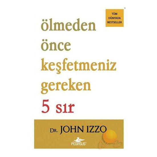 Kitap hakkında; Kitap iyi dsurumdadır. Kitabın ön kapağı ve ilk 4 sayfasının sağ alt köşesinde yırtıklar mevcuttur. Yayıncı Pegasus ( 03 / 2008 ) ISBN 9786055943080 | Türkçe | 184 Sayfa | Türler Kişisel Gelişim "Eğer bu yıl sadece bir kitap okuyacaksanız, lütfen bu kitap Ölmeden Önce Keşfetmeniz Gereken 5 Sır kitabı olsun. Dr. Izzo daha mutlu ve anlamlı bir hayatı elde etmek için gerekli olan temel noktaların sentezini yaparak bize tarihi bir hizmette bulunmaktadır. Bu olağanüstü bilgece bir eserdir." Larry C. Spears "Hayatınızın sonunda "Keşke şimdi bildiğimi daha önce bilmiş olsaydım" demek yerine, şimdiden de bu bilgiye ulaşabilirsiniz. Bu kitap gerçekten önemli bakış açılarına sahip insanların inanılmaz bilgeliklerini toplayan bir kitap." Marshall Goldsmith
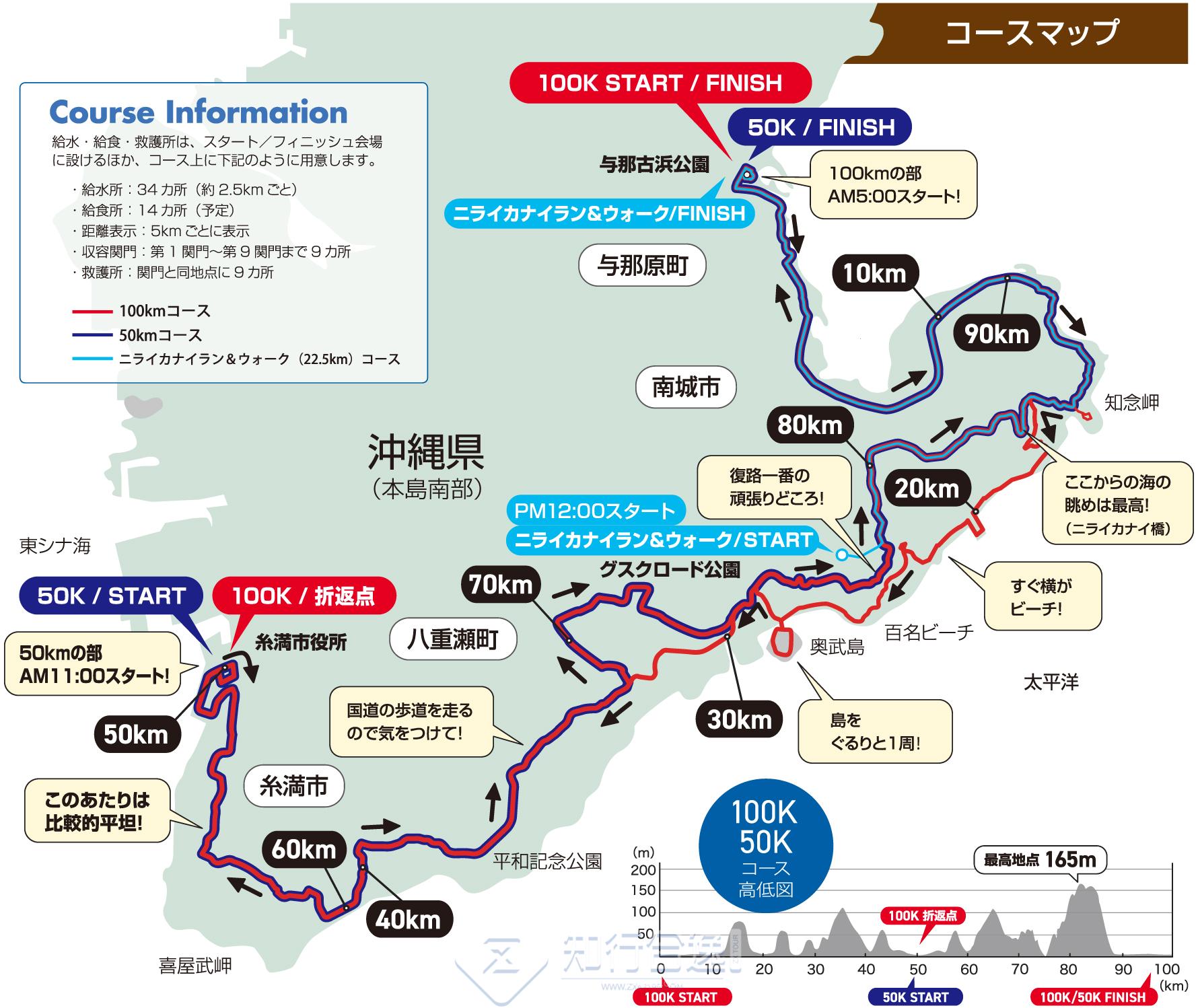 100公里起点与那古浜公园,50公里起点糸満市役所(糸満市),22.5公里グスクロード公園(南城市)
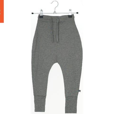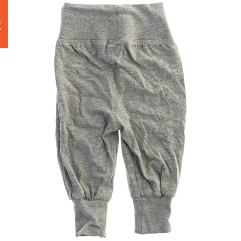 Bukser i grå farve, designet til babyer. Buksen har en elastisk talje og rib ved anklerne for komfortabel pasform. Stoffet er blødt og strækbart.
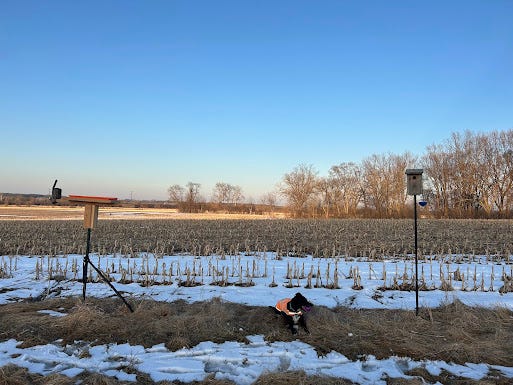 Just a few days after I put up the crow feeding station with the trail cam - I caught a little flash of something. I had to zoom in to see it wasβ¦an Eastern Bluebird! And when I looked even closer there was a second one flying over the corn stubble too.

### WORK TASK
Print the listing word for word but skip its pictures.

### YOUR RESPONSE
 Kitap hakkında; Kitap iyi dsurumdadır. Kitabın ön kapağı ve ilk 4 sayfasının sağ alt köşesinde yırtıklar mevcuttur. Yayıncı Pegasus ( 03 / 2008 ) ISBN 9786055943080 | Türkçe | 184 Sayfa | Türler Kişisel Gelişim "Eğer bu yıl sadece bir kitap okuyacaksanız, lütfen bu kitap Ölmeden Önce Keşfetmeniz Gereken 5 Sır kitabı olsun. Dr. Izzo daha mutlu ve anlamlı bir hayatı elde etmek için gerekli olan temel noktaların sentezini yaparak bize tarihi bir hizmette bulunmaktadır. Bu olağanüstü bilgece bir eserdir." Larry C. Spears "Hayatınızın sonunda "Keşke şimdi bildiğimi daha önce bilmiş olsaydım" demek yerine, şimdiden de bu bilgiye ulaşabilirsiniz. Bu kitap gerçekten önemli bakış açılarına sahip insanların inanılmaz bilgeliklerini toplayan bir kitap." Marshall Goldsmith
 100公里起点与那古浜公园,50公里起点糸満市役所(糸満市),22.5公里グスクロード公園(南城市)
 Bukser i grå farve, designet til babyer. Buksen har en elastisk talje og rib ved anklerne for komfortabel pasform. Stoffet er blødt og strækbart.
 Just a few days after I put up the crow feeding station with the trail cam - I caught a little flash of something. I had to zoom in to see it wasβ¦an Eastern Bluebird! And when I looked even closer there was a second one flying over the corn stubble too.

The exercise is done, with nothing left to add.